The editors walk a fine line between a normative criticality seeking a culturally plural ‘sustainable future’ and a post-critical “projective practice.” [3] Balancing these disparate approaches, the editors have done a laudable job in presenting a broad range of research that unsettles a unitary conception of Asian cities and questions our ways of knowing them.
[1] Rabinow, P. 1989. French Modern: Norms and Forms of the Social Environment. Cambridge: MIT Press, p. 9.
[2] Holston, J. 1989. The Modernist City: An Anthropological Critique of Brasilia. Chicago: University of Chicago Press, p.4.
[3] Somol, R. and S. Whiting. 2002. Notes Around the Doppler Effect and Other Moods of Modernism. Perspecta 33: 72-77.
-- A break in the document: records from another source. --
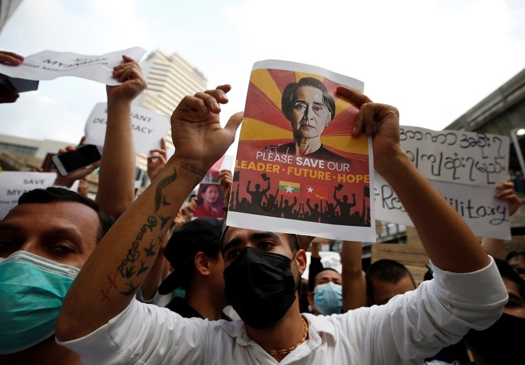 Aung San Su Kyi, dobitnica Nobelove nagrade za mir, i dalje je službeno šefica vlade, ali se nalazi u pritvoru. Žena koja je 2011. smijenila vojnu diktaturu i bila slavljena kao političarka koja donosi demokraciju nailazila je na kritike iz inozemstva prije svega zbog brutalnog odnosa prema muslimanskoj manjini u zemlji.
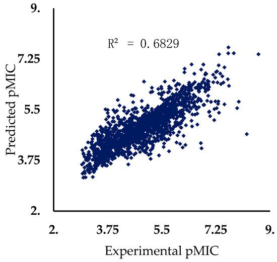 Predicted versus experimental pMIC against MRSA for the 1533 molecular structures of the test set.
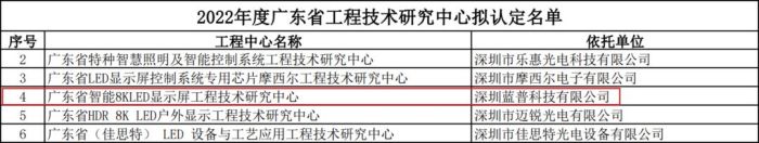 日前,藍(lán)普科技申報的“廣東省智能8KLED顯示屏工程技術(shù)研究中心”項(xiàng)目成功上榜,這是藍(lán)普在高清節(jié)能顯示發(fā)展又邁進(jìn)的一大步。
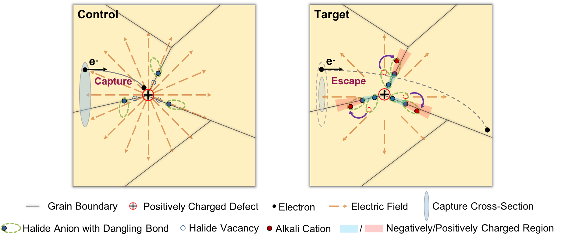 针对此问题,欧冠官方网站、人工微结构和介观物理国家重点实验室、纳光电子前沿科学中心极端光学研究团队朱瑞研究员、龚旗煌院士课题组与英国萨里大学张伟教授、美国劳伦斯伯克利国家实验室Thomas P. Russell教授等组成联合研究团队,基于前期在反式结构钙钛矿光伏器件上的研究成果,以介电环境调控为指导,来实现钙钛矿薄膜缺陷的有效屏蔽,助力提升钙钛矿光伏器件的性能。一方面,研究工作由局域库仑相互作用开始,参考已有研究,从理论上阐明了调控钙钛矿的介电响应可以减小缺陷对电荷载流子的捕获截面,从而对缺陷产生屏蔽效应。另一方面,从实验上借助碱金属离子对介电环境的调节能力,在钙钛矿薄膜中有效加速了空间电荷区域钙钛矿的介电响应,使得缺陷捕获截面显著减小,从而产生介电屏蔽效应;该效应降低了载流子被缺陷捕获的几率,即使缺陷仍然存在,它们在某种程度上对电荷载流子也是“不可见”的,形成了缺陷的“隐身”效果,即“缺陷隐身”(如图)。同时,钙钛矿薄膜的质量整体提高,载流子的表面复合与电声耦合动力学过程明显改善,非辐射损失通道得到全面、显著抑制。最终,在反式结构钙钛矿光伏器件中获得了超过22%的光电转换效率。该研究通过对钙钛矿中缺陷捕获载流子过程的深入认知,进一步发展了调控降低缺陷诱导非辐射损失的新思路,实验验证了通过介电调控来实现高效钙钛矿光伏器件的可行性,为领域发展拓展了新的方向。

Future Asian Space: Projecting the Urban Space of New East Asia. eds., Limin Hee, Davisi Boontharm & Erwin Viray. Singapore: NUS Press, 2012.<
Jia-Ching Chen is a PhD candidate in City & Regional Planning at the University of California, Berkeley. His research on environmentalization and green development in China brings together the fields of political ecology, urban studies, planning, and critical industrial ecology.